American painter (1869–1955)

Effie Anderson Smith (September 29, 1869 – April 21, 1955), also known as Mrs. A.Y. Smith, was an early Arizona impressionist painter of desert landscapes, many of Cochise County and the Grand Canyon.

==Biography==
Smith was born in the rural countryside near Nashville, Arkansas, in 1869. She grew up in Arkansas and served as a school teacher in Hope, Arkansas until 1893, when she left Arkansas for New Mexico, and then Arizona. She studied with California Impressionists in Oakland (1904), with May Bradford Shockley in San Francisco (1908), in Laguna Beach with Anna Althea Hills (1914) and also at the Stickney Memorial Art School in Pasadena with Jean Mannheim and Richard E. Miller (1915–16).

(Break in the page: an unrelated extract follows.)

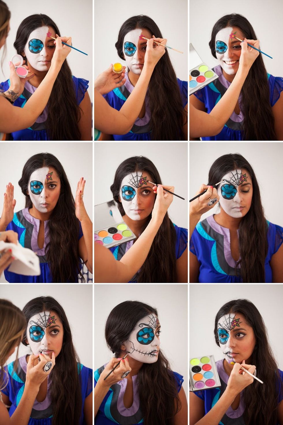 – Your regular “dress-up” makeup (for the non-skull half of your face)

Her exhibitions include a show of her Southwest paintings in Corcoran Hall at George Washington University in Washington, DC beginning May 20, 1931. She lived for 56 years in southern Arizona, first in Benson (1895–96), then in Pearce (from 1896 to 1941) and later in Douglas (from 1941 to 1951) in Cochise County, and seasonally in Morenci in Greenlee County at the home of her son Lewis A. Smith.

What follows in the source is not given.